The NGO International Drug Policy Consortium (IDPC) is running a short series of posts called INCB Watch to explore how the International Narcotics Control Board has changed – or remained the same – over the past decade or so. This post was originally published on IDPC website on October 1st, 2018. As a reminder, FAAAT would like to recall a report published just 10 years ago by International Harm Reduction Association, questioning and constructively criticizing the way INCB operates.
As recently as 2013 to 2014, during the Presidency of Mr. Raymond Yans, it was customary amongst the reform-minded elements of civil society to refer to the INCB as ‘the dinosaur of the international drug control regime’. This was owing to the Board’s obstinate refusal to countenance any form of change, or to engage meaningfully with civil society or human rights.
As Mr Philip Emafo, INCB President, declared in 2007: ‘Our mandate is not with civil society…We have a mandate to discuss with governments. We do not go about seeking information from outside.’ Over the ensuing ten years, much has changed at the INCB, most of it for the better.

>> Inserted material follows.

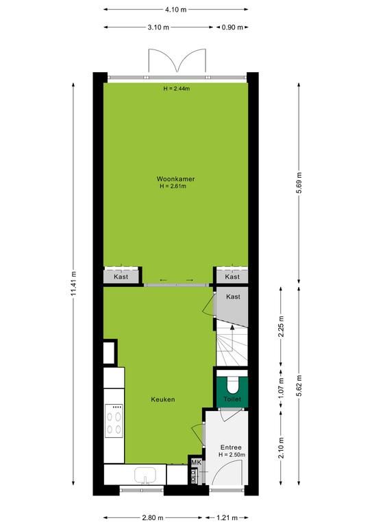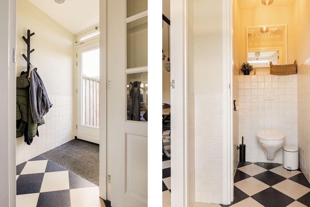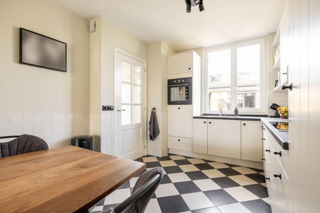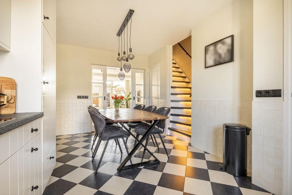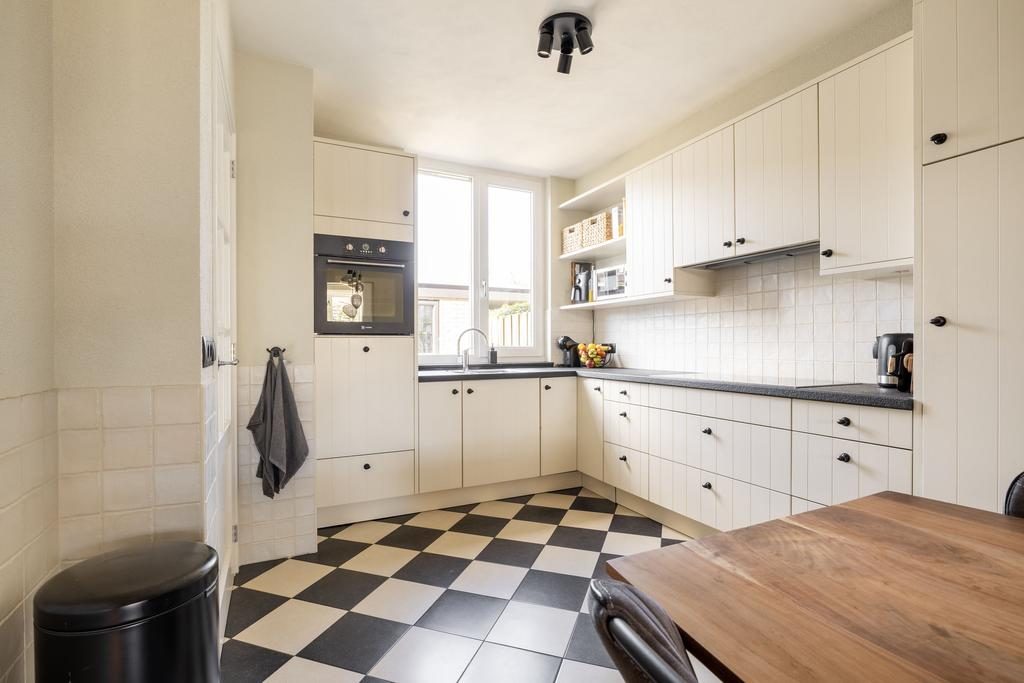 De begane grond is door de huidige eigenaren flink verbouwd. Niet alleen cosmetisch, maar ook bouwkundig. Waar deze woning normaal gesproken een meer gesloten indeling hebben, denk hierbij aan een gesloten keuken, beschikt deze woning over open indeling. Een entree met garderoberuimte, meterkast en de toiletruimte met zwevend toilet. Een toegangsdeur brengt je naar de woonkeuken welke is gelegen aan de voorzijde van de woning. Een heerlijk ruime keuken in L-opstelling met lichte fronten en een stenen aanrechtblad. De keuken is voorzien van het benodigde inbouwapparatuur zoals een oven, inductiekookplaat met ingebouwde afzuigkap, vaatwasser en een koelkast. In de woon-/leefkeuken is meer dan voldoende ruimte voor een grote eettafel. Vanuit de keuken is via een houten trap de 1e verdieping te bereiken.

The Board now undertakes a dialogue with civil society at each CND. In addition, the Board met with civil society delegates in May 2018, in order to discuss the medical and non-medical uses of cannabis [FAAAT was present at this meeting]. This increased involvement with critical civil society appears to have influenced the Board’s approach to its mandate, which had long been interpreted in the most conservative of ways.
One of the most important progressive developments is INCB’s move from a ‘neutral’ stance on the use of the death penalty for drugs-related offences to a position in which it advocates for State Parties to abandon the use of this practice. More recently, the INCB has also condemned extrajudicial killings of suspected drug offenders – although after intense pressure from civil society – as ‘a serious breach of the legal obligations to which the Philippines is held by the three UN drug control conventions and by the corpus of international legal instruments to which the country has adhered’.
Another major change relates to the INCB’s position on decriminalisation. In 2015, the Board concluded that: ‘The treaties do not require the incarceration of drug users, but rather provide for alternatives to conviction or punishment for those affected by drug abuse… That some countries have chosen incarceration rather than treatment has been a denial by governments of the flexibility that the treaties provide’. Going a step further in supporting the decriminalisation policy, the INCB spoke at a side event at the 58th session of the CND on decriminalisation in Portugal.
Similarly, there has been a noticeable difference of tone on medicinal cannabis. In 2013, the INCB President had pronounced: ‘If such “medical” schemes are not well managed and supervised, they could be seen as “backdoor legalisation” of cannabis for recreational use’. Recent publications by the Board have openly acknowledged the legality of medicinal cannabis use under the 1961 convention, and focused instead on the technical, administrative and legal factors involved.
On harm reduction, the INCB has remained timid on drug consumption rooms. The Board was highly critical of this intervention in the past, declaring that ‘Drug injection rooms contravene the major principle of the treaties’. In 2016, the Board’s stance softened somewhat, at least in terms of the tone of its remarks, limiting its comments to technical and legal questions, implying that when certain conditions are fulfilled, these facilities do operate in line with the drug control treaties. In 2017, however, the Board again expressed reservationsconcerning the fact that users of the facilities acquired their drugs prior to entering the drug consumption rooms, and utilising stigmatising language such as ‘drug abusers’ – representing subtle indications of a retraction of the 2016 position.
All of these changes are linked to a broader support for drug policies based on human rights, about which the Board has been increasingly vocal in its recent annual reports. Nonetheless, the rhetorical support for human rights, while welcome, is at times highly limited in its practical application. The human rights of people who use drugs are routinely abrogated in the violence to which they are subjected by both police and traffickers. Moreover, traditional populations cultivating psychoactive crops such as cannabis, opium and coca often suffer internal displacement as a consequences of drug policies, and crop-eradication measures which generate impacts on human and animal health and the environment. The failure of the Board to come to grips with these measures, as well as with the gap between high level principles negotiated at UN meetings and the practices on the ground, represent considerable shortcomings in the performance of the INCB.
The organisation has come a long way since the days of Emafo and Yans and a refusal to discuss the topic of human rights, but there remains some way to go before the Board can become the champion of human rights and public health it appears as in its rhetoric.